2 minute read
Ice Biking
Brad Lindenberg, a Sister Bay ice fisherman, once shared an inspiring take on what can seem like a desolate winter life here. He called the snowcovered bay the “white sand beach.”
“All these people spend millions on their waterfront homes and pay thousands in property taxes, and in the winter we get it all for free,” he told me as we talked about the joy he gets from ice fishing.
He didn’t turn me into an ice fisherman, but 15 years later, I’ve come to understand what he meant. Enough Christmases have gone by for me to accumulate the gear necessary to enjoy the iced-over peninsula of January and February. Several years ago, I received a fat bike, which changed my understanding of what constitutes “riding weather.”
A couple winters ago, at the suggestion of Brian Fitzgerald, I swapped out my tires for some studded treads from Nor Door Sport and Cyclery, opening the door to a new adventure: ice biking.
It looks cold. A little dangerous. Maybe stupid.
Chris Miller, Eric Scheller, Deb Neuville and Myles Dannhausen Jr. warm up their legs for the trek across the ice from Anderson Dock to Eagle Bluff. Photo by Amy Sacka.
People expect to see you unloading your bike at a trailhead during the summer and fall, and since fat bikes hit the scene a few years ago, we’ve grown accustomed to seeing people ride in the snow.
But when you’re rolling your tires onto the frozen surface of Eagle Harbor in Ephraim, you still get some quizzical looks, like the one I got from photographer Amy Sacka as I pedaled off a pier and onto the lake before dawn one freezing February morning in 2019.
She waved frantically from the shore, barely visible in the first light of day. I thought she might be a prudish Ephraimite upset that I was tarnishing the pristine view, like the ones who hated the pontoon boat we had moored in the harbor years earlier. “What is this?!?” she asked after I rode to her perch on the shore.
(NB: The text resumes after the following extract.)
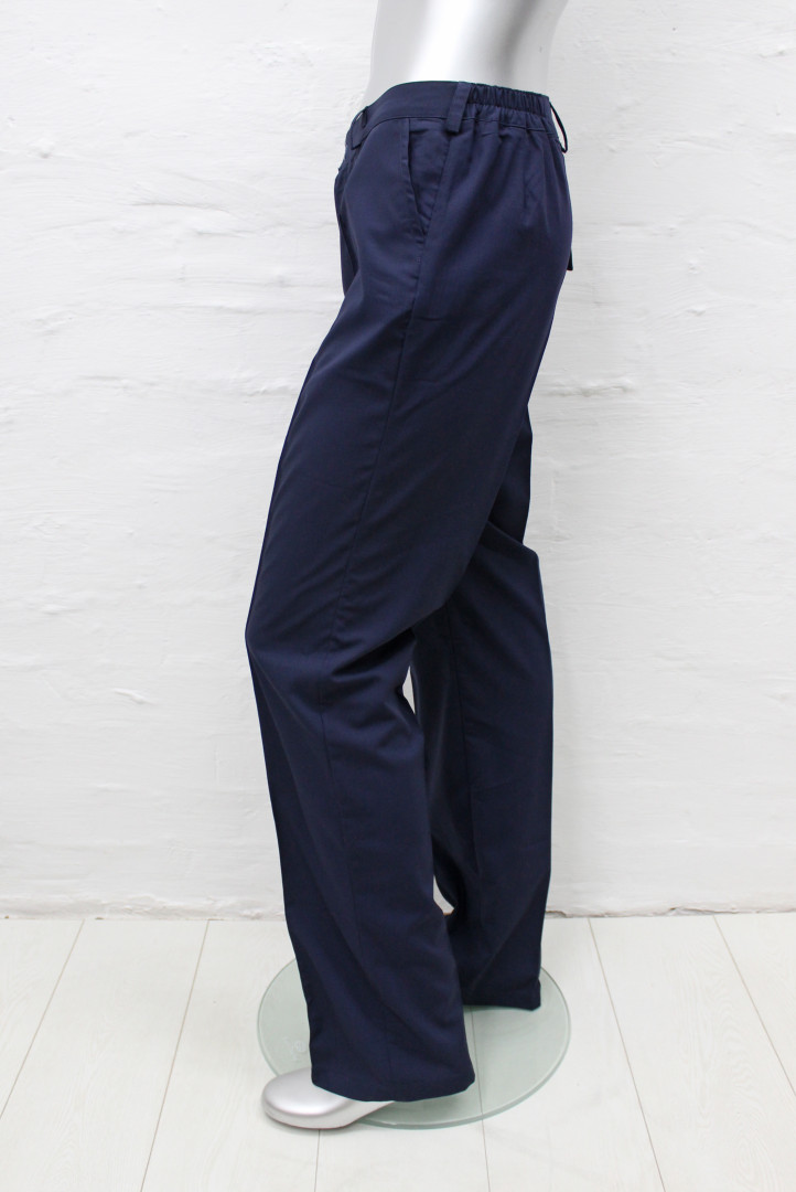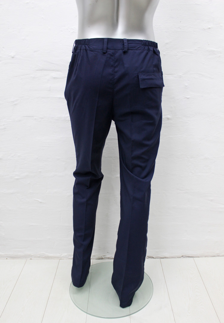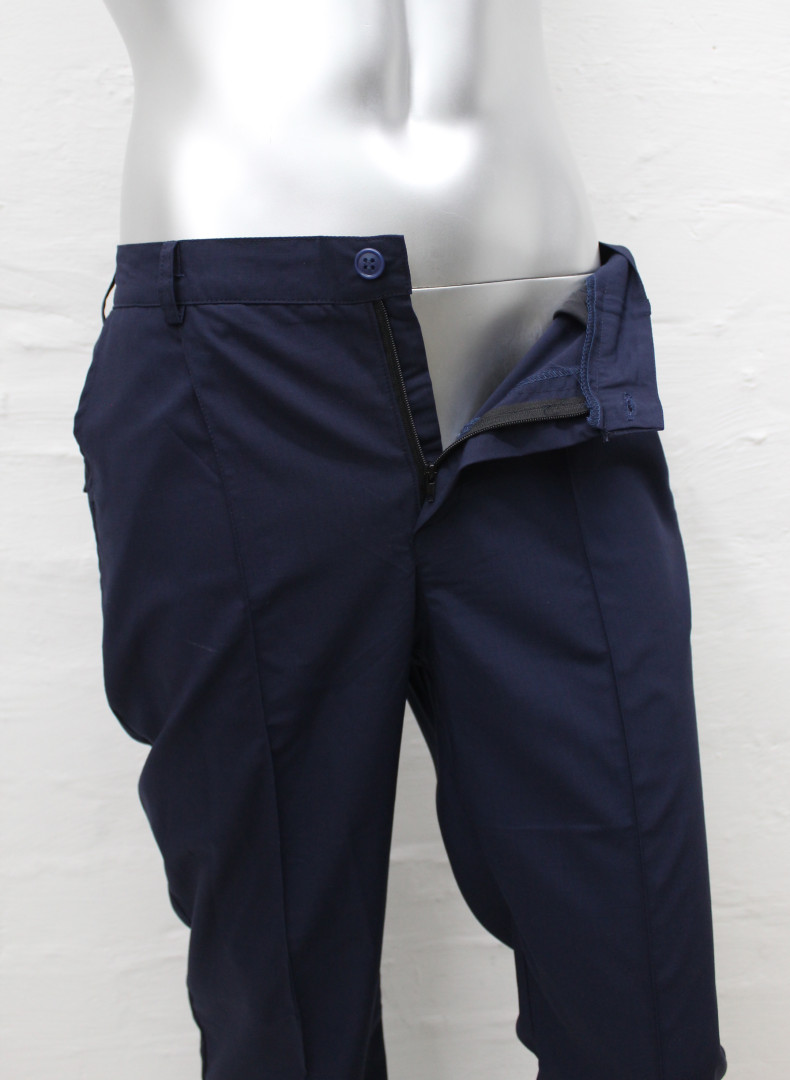 Пояс с широкими шлевками и вшитой резинкой, регулирующей объем талии. Имеются два врезных кармана по бокам, и один задний на липучках. На передней части брюк фиксированные стрелки по длине брюк.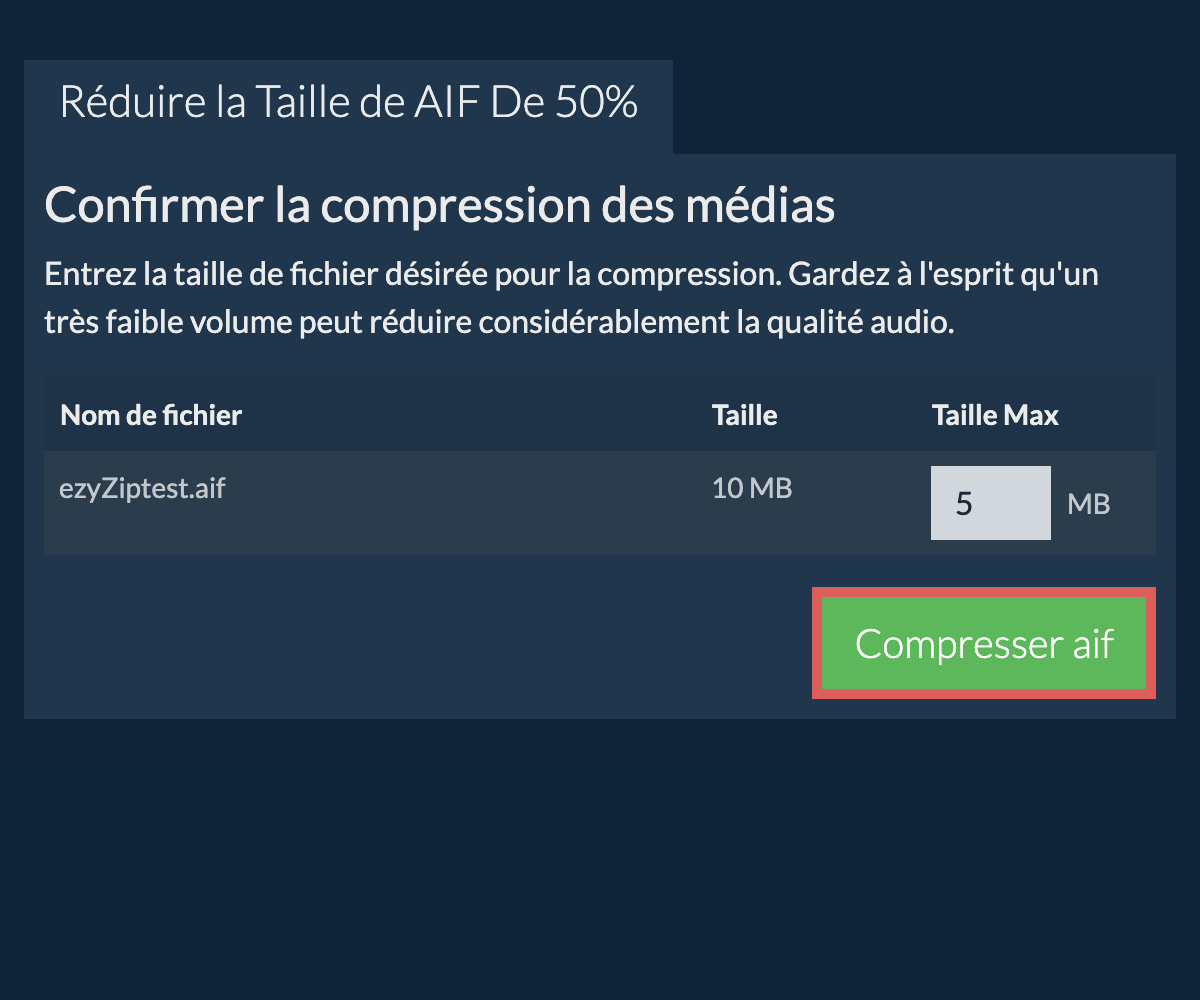 - Cliquez sur "Sélectionnez le fichier aif à compresser" pour ouvrir le sélecteur de fichiers

I told her a few friends and I were meeting to ride across the bay, seeking a new view of the peninsula — and fulfilling a photo idea hatched with Brett Kosmider, my business partner at Peninsula Filmworks.
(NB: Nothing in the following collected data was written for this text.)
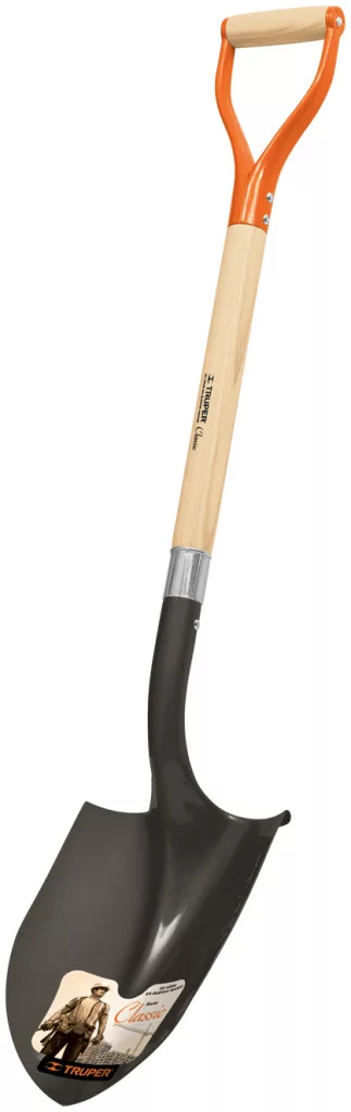 Digging spade, 22 cm wide heat treated steel head, 104 cm long lacquered wood D-handle (metal)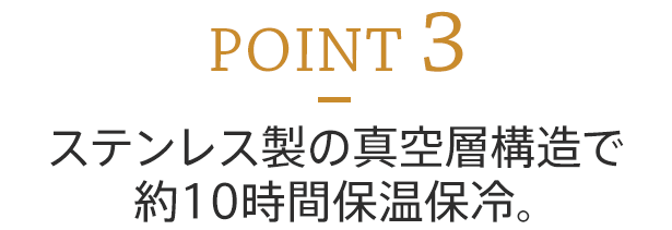 - 丈夫で金属臭が移りにくい304ステンレスを採用。真空二層構造で10時間ドリンクの温度を保つ。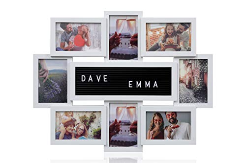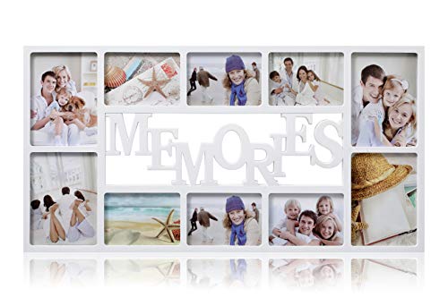 ARPAN 10 Pictures Multi Aperture Photo Frame - White Wall Mount Memories Picture Frame with Front Polystyrene Sheet Holds 6 X 6''X4'' Photos, 4 X 5''X7'' Photos - White Plastic Photo Frame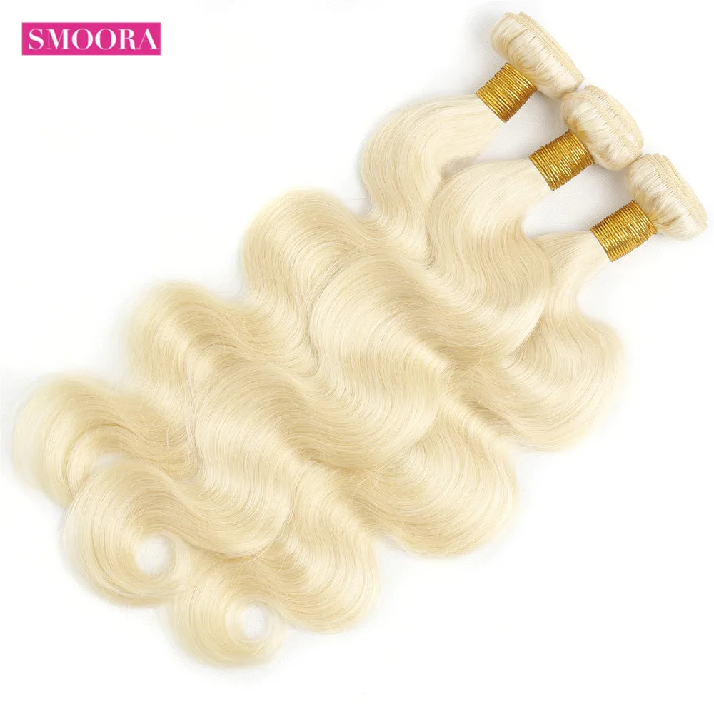 Купить Smoora 613 Связки с фронтальной перуанской Remy волна 3 человеческих волос блондинка пучки с предварительно сорвал фронтальной уха до уха 13*4 Продажа Дешево.
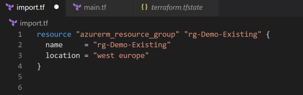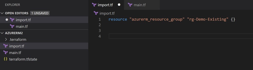 2. Create an ‘import.tf’ file at the same level as your ‘main.tf’ file, this will be used to manage imported variables. We will add the resource block for our existing resource group: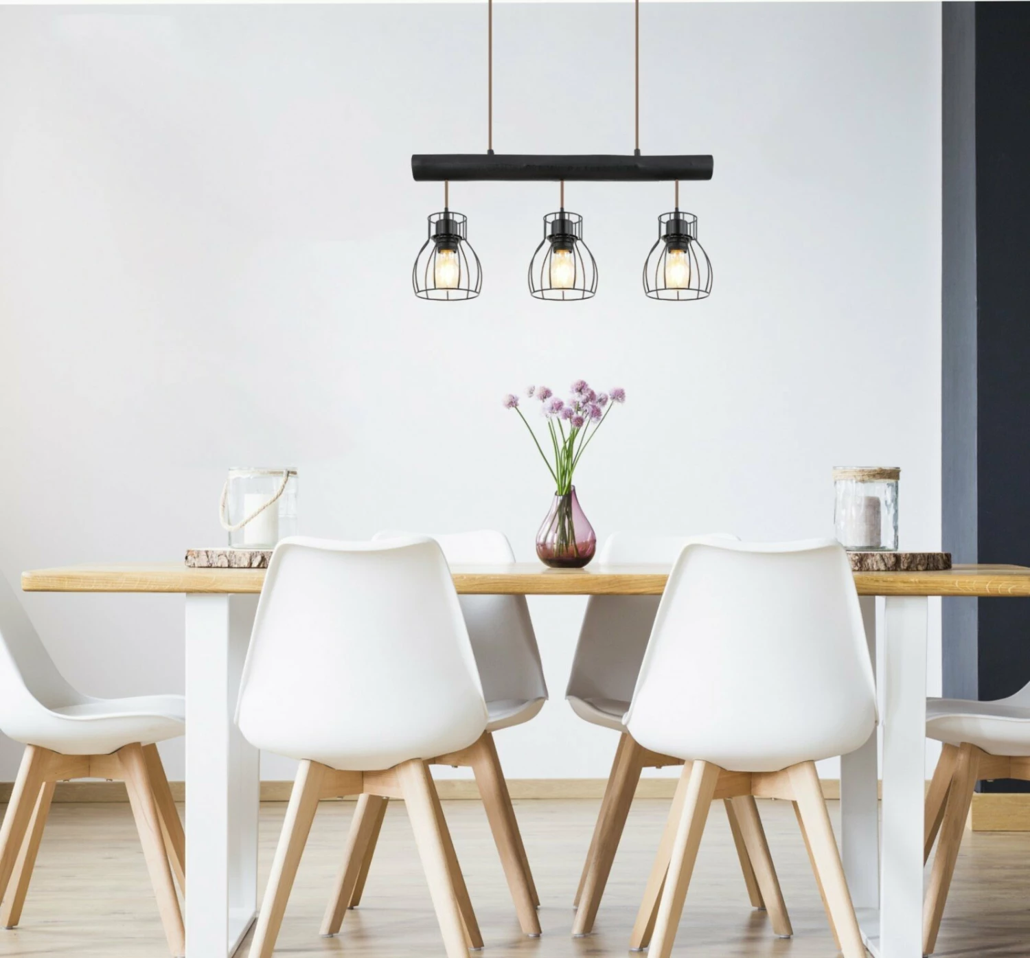 Die HĂ€ngeleuchte in der Farbe Schwarz ist die optimale ErgĂ€nzung fĂŒr deine Inneneinrichtung. Sie ist modern und zeitlos und kann in jedem Raum angebracht werden. Du kannst die Lampe mit drei E27-Leuchtmitteln deiner Wahl bestĂŒcken.Â

Sacka was circling the Great Lakes on a photography assignment for National Geographic magazine and happened to be up early, driving through an empty Ephraim, when she found me biking along on the ice.
“Mind if I take some photos?” she asked.
Soon Chris Miller, Deb Neuville and Eric Scheller joined me, wrapped head to toe in layers of winter gear to battle the brisk air. We got lucky that the wind wasn’t blowing as we waited for the sun to come up for our sunrise trek to Eagle Bluff.
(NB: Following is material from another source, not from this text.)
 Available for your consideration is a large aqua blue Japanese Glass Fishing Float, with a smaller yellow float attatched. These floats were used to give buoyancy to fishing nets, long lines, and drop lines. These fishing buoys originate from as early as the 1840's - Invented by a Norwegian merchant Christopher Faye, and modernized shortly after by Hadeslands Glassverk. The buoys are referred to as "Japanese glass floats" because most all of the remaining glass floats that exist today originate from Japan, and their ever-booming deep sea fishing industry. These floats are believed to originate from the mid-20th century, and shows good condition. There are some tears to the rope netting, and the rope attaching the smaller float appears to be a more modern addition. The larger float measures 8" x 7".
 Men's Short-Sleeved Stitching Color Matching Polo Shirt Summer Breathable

Sacka captured our journey from the ground while Brett Kosmider captured it from the air. Studded tires helped us keep a grip on the ice and hard-packed snow, though we learned quickly to follow a straight course and avoid sharp turns.
A mile later, we had crossed the bay and stood beneath Eagle Bluff, the sun by then lighting the steeples of Ephraim. We may not have been sunbathing on the shore like the waterfront property owners of summer, but we had the “white sand beach” entirely to ourselves — for free. And I realized what Lindenberg had meant all those years ago.